* Your instructions *
Nothing but the lines from the one with "O vestido preto" through the last line of the entries below should appear in the copy, please, and no pictures.

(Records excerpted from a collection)
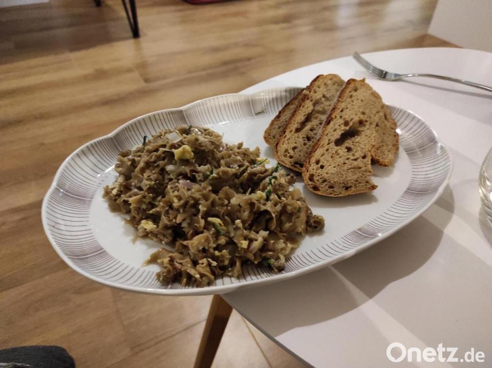 Die Fette Henne hat sich Jens Kamm noch am Wochenende schmecken lassen. Sie ergab knapp drei Portionen. Mit Ei, Kräutern, Zwiebel, Kümmel, einem Schuss Sahne hat er die Krause Glucke in einer Pfanne mit Butter gebraten.
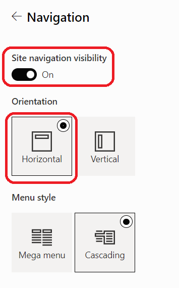 Then access the Navigation option and turn on the Site navigation visibility (if not yet turned on) and select the Horizontal setting
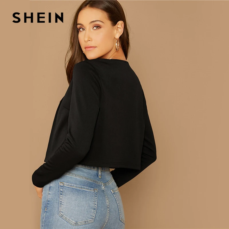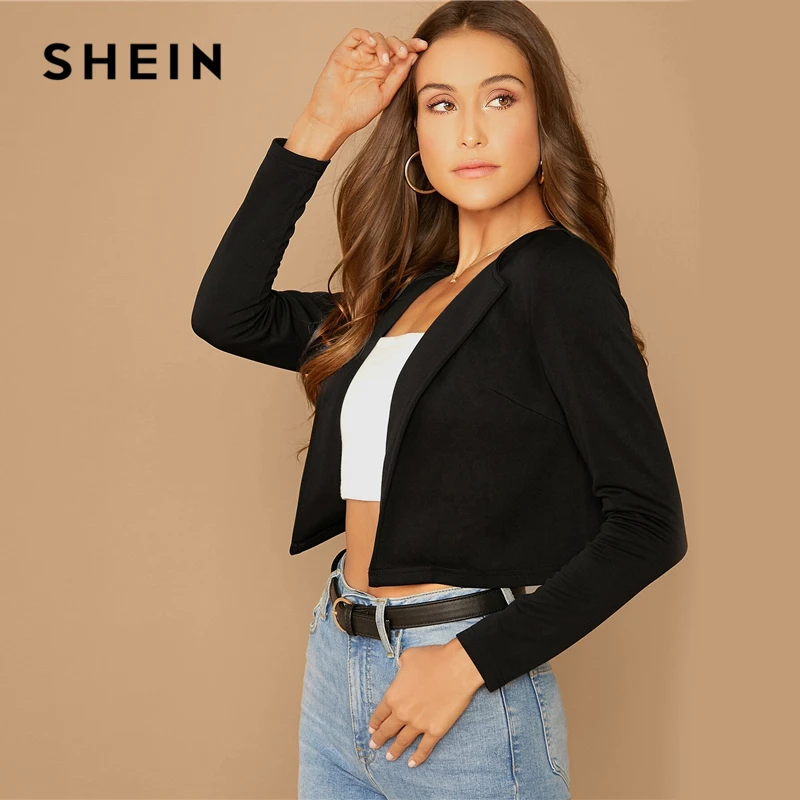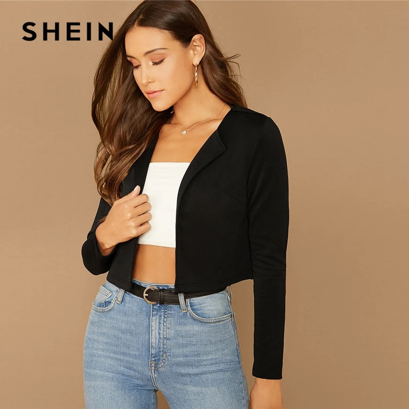 Special Offer SHEIN Zwart Effen Sjaal Kraag Crop Blazer Vrouwen Zomer Herfst Lange Mouw Elegante Uitloper Jassen Werkkleding Blazers Discount 45% Today!
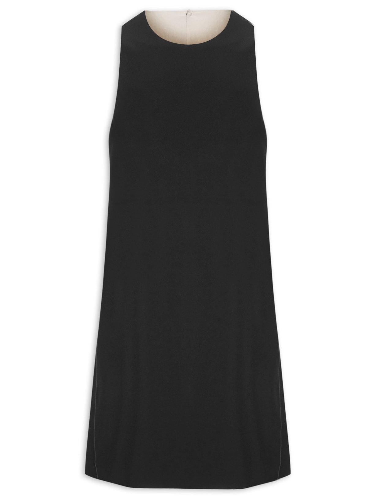 O vestido preto é confeccionado em tecido leve de baixa elasticidade. A peça solta ao corpo de modelo dupla face possui decote redondo, cavas estendidas, pences frontais, detalhe de costura sobreposta, acabamento em corte a fio, comprimento curto e fechamento posterior em recorte vazado com botão de pressão aplicado. A outra face possui tom contrastante, pences frontais, tag da marca aplicada na lateral com escrita em tom contrastante e detalhe de costura sobreposta.
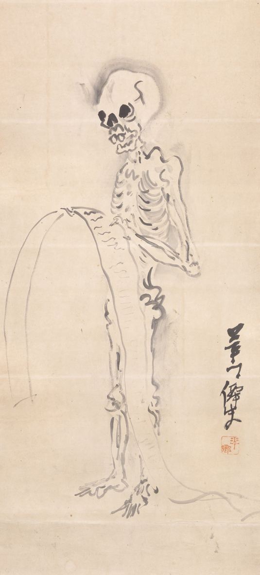 A skeleton is absorbed in reading a long scroll under the hazy moon. It is difficult to say if it is male or a female because its pelvis is hidden behind a scroll. If it is a female, she is perhaps reading a long love letter from her beloved. The skeleton is standing erect and appears immersed in its activity. The painting might be a mitate (allegory) painting of a courtesan reading a love letter. Ukiyo-e masters of the Edo period such as Kitagawa Utamaro (1753-1806) often portrayed the courtesan at the Tea House reading letters under the dim light in the wee hours. It might be a cautionary tale suggesting that Ukiyo (the Floating World) is fleeting and that beauty is only skin deep. Mundane activities and pleasure do not last forever. They are therefore all the more precious!

* Answer below *
 O vestido preto é confeccionado em tecido leve de baixa elasticidade. A peça solta ao corpo de modelo dupla face possui decote redondo, cavas estendidas, pences frontais, detalhe de costura sobreposta, acabamento em corte a fio, comprimento curto e fechamento posterior em recorte vazado com botão de pressão aplicado. A outra face possui tom contrastante, pences frontais, tag da marca aplicada na lateral com escrita em tom contrastante e detalhe de costura sobreposta.
 A skeleton is absorbed in reading a long scroll under the hazy moon. It is difficult to say if it is male or a female because its pelvis is hidden behind a scroll. If it is a female, she is perhaps reading a long love letter from her beloved. The skeleton is standing erect and appears immersed in its activity. The painting might be a mitate (allegory) painting of a courtesan reading a love letter. Ukiyo-e masters of the Edo period such as Kitagawa Utamaro (1753-1806) often portrayed the courtesan at the Tea House reading letters under the dim light in the wee hours. It might be a cautionary tale suggesting that Ukiyo (the Floating World) is fleeting and that beauty is only skin deep. Mundane activities and pleasure do not last forever. They are therefore all the more precious!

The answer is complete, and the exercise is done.